WHAT THE TASK REQUIRES — Each line below from the "1 kylpyhuone suihkulla." line through the "Mit viel Liebe" line, those two included, must be restated word for word; the pictures must not be.

MATERIAL PROVIDED —
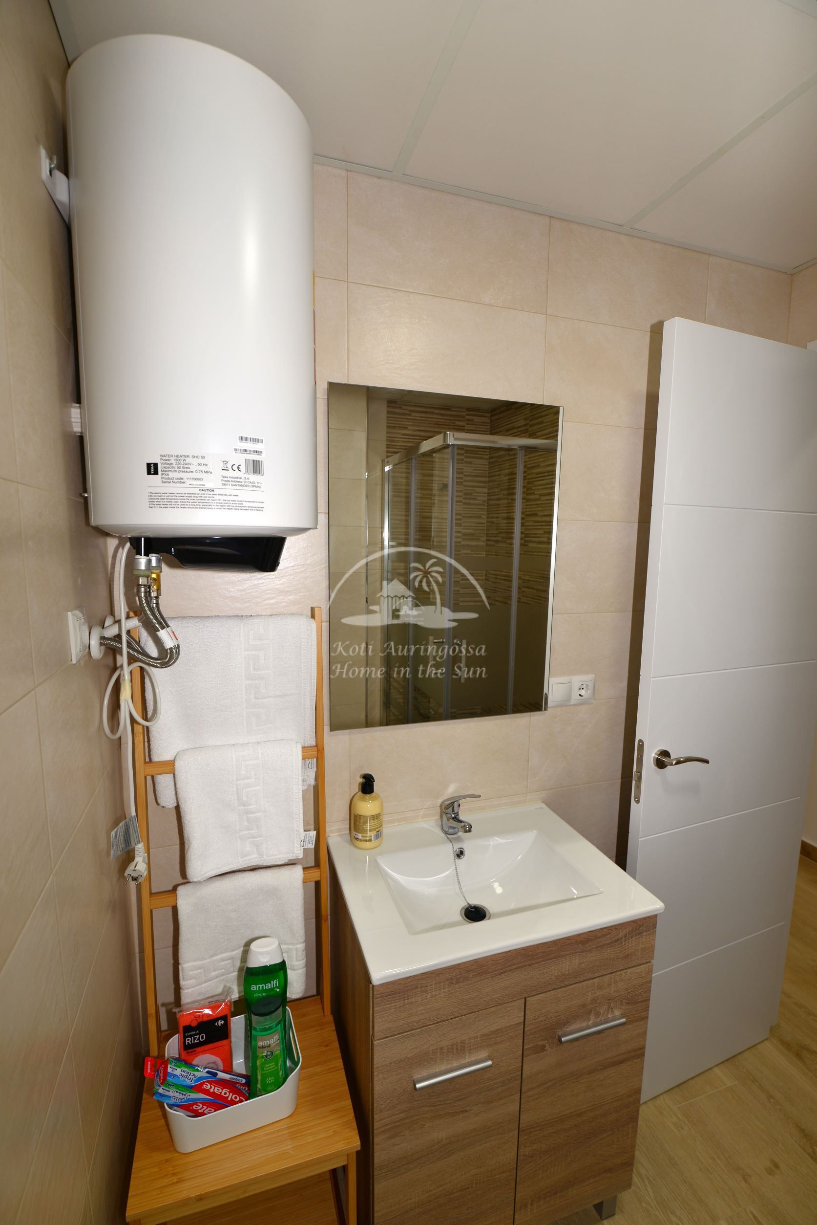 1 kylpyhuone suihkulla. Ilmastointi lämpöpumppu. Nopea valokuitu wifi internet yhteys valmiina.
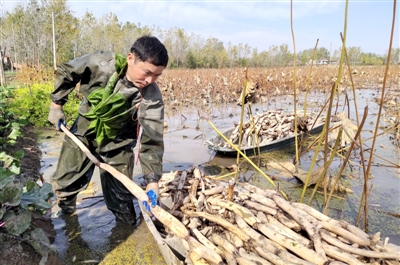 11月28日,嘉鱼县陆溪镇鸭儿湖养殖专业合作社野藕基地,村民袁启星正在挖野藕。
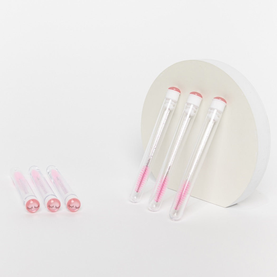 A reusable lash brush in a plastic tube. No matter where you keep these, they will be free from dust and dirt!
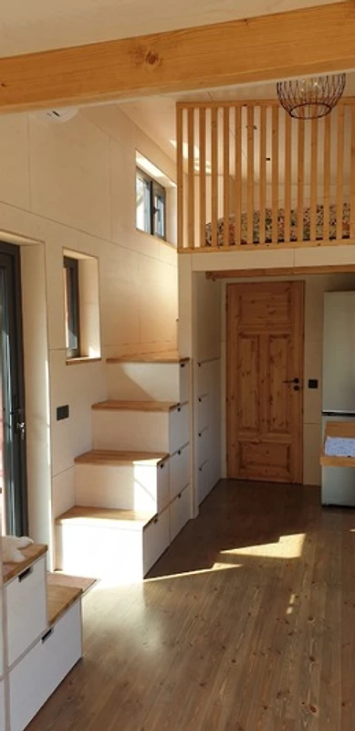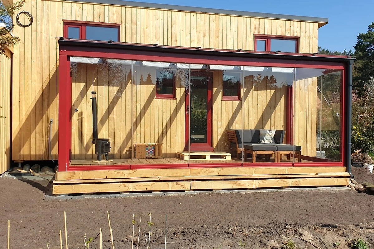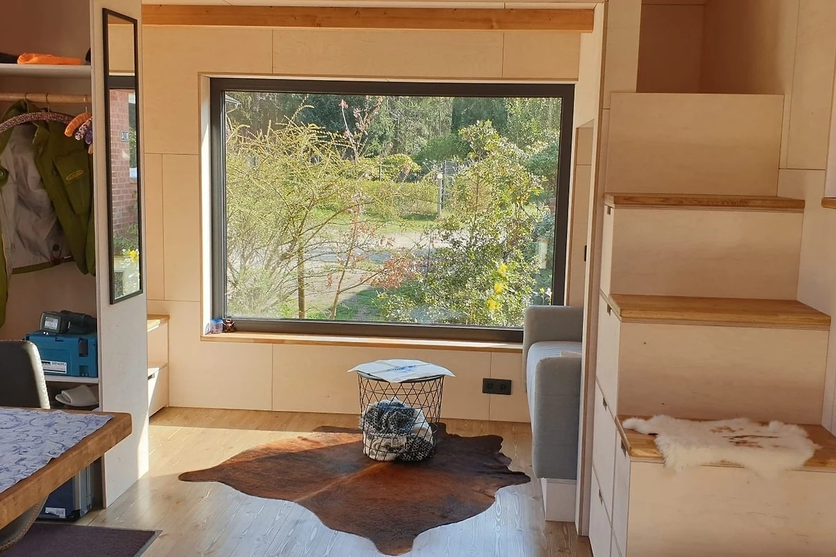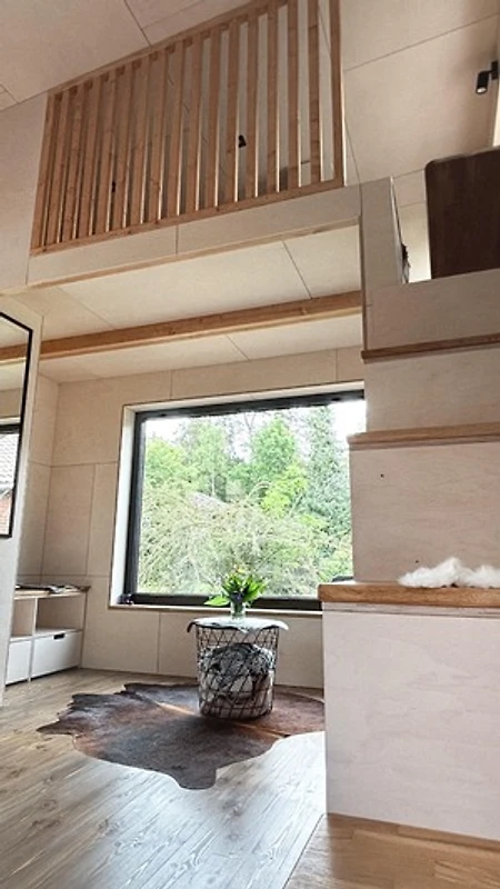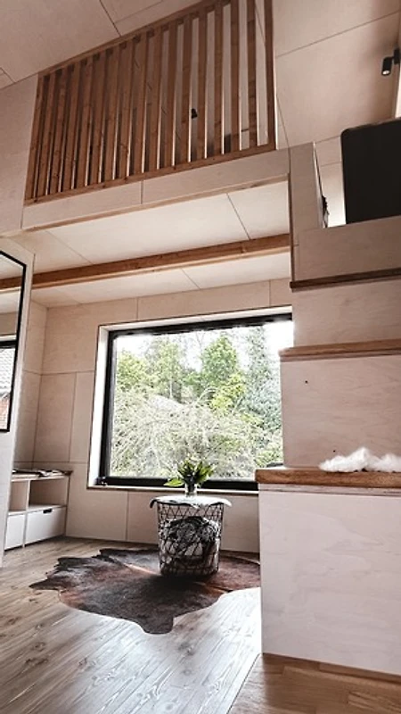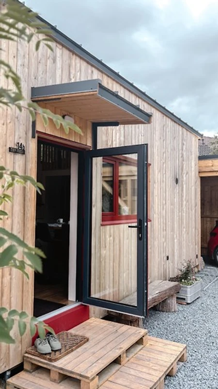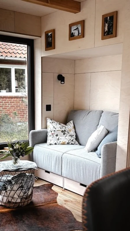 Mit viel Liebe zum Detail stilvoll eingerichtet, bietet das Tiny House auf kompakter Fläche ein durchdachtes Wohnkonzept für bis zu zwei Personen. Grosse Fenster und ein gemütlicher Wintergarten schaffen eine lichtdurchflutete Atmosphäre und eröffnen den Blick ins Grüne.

* * *

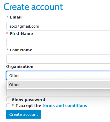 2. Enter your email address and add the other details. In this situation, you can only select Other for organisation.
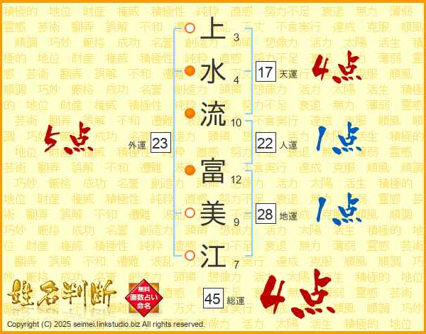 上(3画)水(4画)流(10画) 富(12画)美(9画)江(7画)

OUTPUT BELOW —
 1 kylpyhuone suihkulla. Ilmastointi lämpöpumppu. Nopea valokuitu wifi internet yhteys valmiina.
 11月28日,嘉鱼县陆溪镇鸭儿湖养殖专业合作社野藕基地,村民袁启星正在挖野藕。
 A reusable lash brush in a plastic tube. No matter where you keep these, they will be free from dust and dirt!
 Mit viel Liebe zum Detail stilvoll eingerichtet, bietet das Tiny House auf kompakter Fläche ein durchdachtes Wohnkonzept für bis zu zwei Personen. Grosse Fenster und ein gemütlicher Wintergarten schaffen eine lichtdurchflutete Atmosphäre und eröffnen den Blick ins Grüne.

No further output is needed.